Book presentation and short film program

The New Munich Group represented one of the most intriguing movements in West German cinema between 1964 and 1972—particularly because it swam against the current of what is commonly referred to in film historiography as the “Young German Cinema.” This label, associated with the so-called “Oberhausen” filmmakers and, in the 1970s, with the “New German Cinema,” emerged partly at the expense of The New Munich Group. Despite a few commercially successful films (Zur Sache Schätzchen, Nicht fummeln, Liebling) and critical acclaim—especially from critics who, in the late 1960s, positioned themselves as the “aesthetic left” in opposition to a “political left” that, in their view, reduced films to their sociological content and meaning—the charming, “light” films by Rudolf Thome, Klaus Lemke, Max Zihlmann, Roger Fritz, the duo May Spils & Werner Enke, and the youngest member of the group, Martin Müller, have largely disappeared from film historiography and broader public consciousness, aside from the occasional retrospective.
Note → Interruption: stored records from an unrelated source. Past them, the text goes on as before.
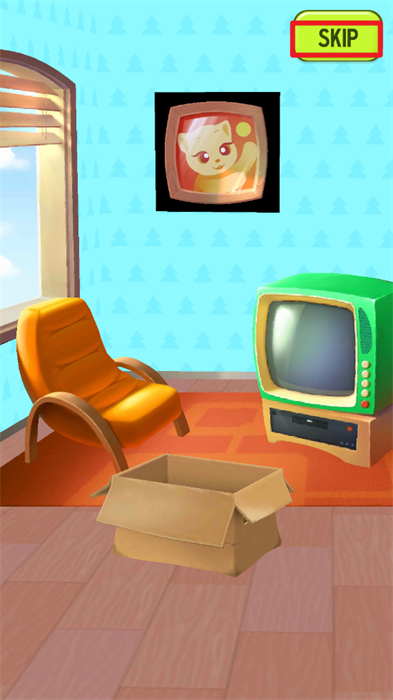 1、进入到游戏的场景内之后,将可以在屏幕上看见一个纸箱子,这个纸箱子内装着的是你的哈基米,可以点击以进行收取,收取完毕后可以点击屏幕右上角的【skip】按钮来进行背景故事的跳过;
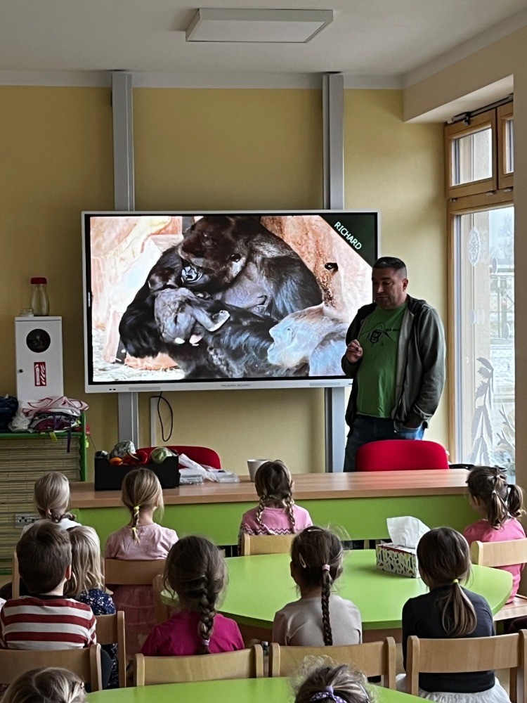 Naši mateřskou školu navštívil 5. 2. velmi milý a vzácný host ze Zoologické zahrady hl. m. Prahy, pan Marek Ždánský, který pracuje jako ošetřovatel goril. Přijel dětem poutavě vyprávět o jejich životě a přiblížit jim svou každodenní práci.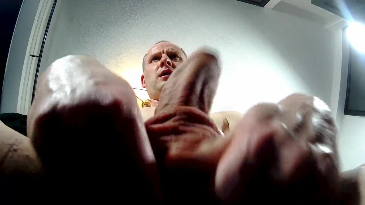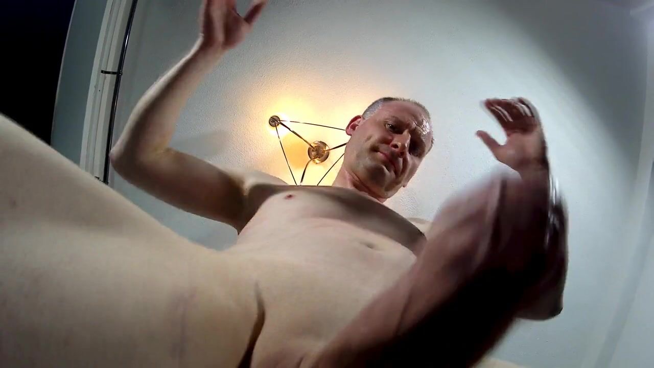 Kudoslong naked close-up his erect cock is shaved smooth he wanks looking down at the camera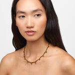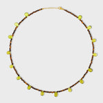 This stunning necklace pairs the warm, golden hues of Tiger’s Eye with the fresh vibrancy of Peridot drops. The combination offers a grounded yet energizing look, perfect for adding a touch of nature's beauty to any outfit.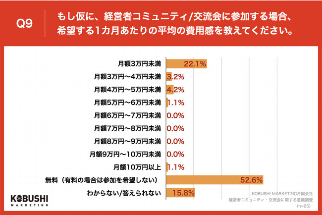 Q1で「一度もない」と回答した方に、「Q9.もし仮に、経営者コミュニティ/交流会に参加する場合、希望する1カ月あたりの平均の費用感を教えてください。」(n=95)と質問したところ、「月額3万円未満」が22.1%、「月額3万円~4万円未満」が3.2%という回答となりました。

What distinguishes these “light” films and their protagonists from other works of the so-called Young German Cinema is explored by German-American film scholar Marco Abel in his recently published book Casually at the Abyss: The Cinema of The New Munich Group (1964–1972). To mark the book’s release, we will screen a selection of stylistically defining short films from the 1960s: Galaxis (1967, Rudolf Thome), Jane erschießt John weil er sie mit Ann betrügt (1968, Rudolf Thome), Duell (1966, Klaus Lemke), Frühstück in Rom (1965, Max Zihlmann), Das Portait (1966, May Spils), Manöver (1967, May Spils), Zinnsoldat (1968, Martin Müller), Die Geschäftsfreunde (1969, Martin Müller), and Sabine 18 (1967, Marran Gosov).


Films

Galaxy

Director: Rudolf Thome | West Germany 1967 | 14 min | 35mm | German Original Version | with Karin Roth, Annette Radlinger, Monika Zinnenberg

We are in the year 2000: most of the terrestrial men are enslaved. Three young women order two men and ask them which of them they would prefer. Thome's third short film gets straight down to business in style: everything is empty and low, anticipating the clean lines of the Eighties. But Galaxis is supposed to depict the time shortly after the turn of the millennium, and this is where feminist amusement takes place, clever and pretty and nasty, and with no promising prospects for any of the men involved.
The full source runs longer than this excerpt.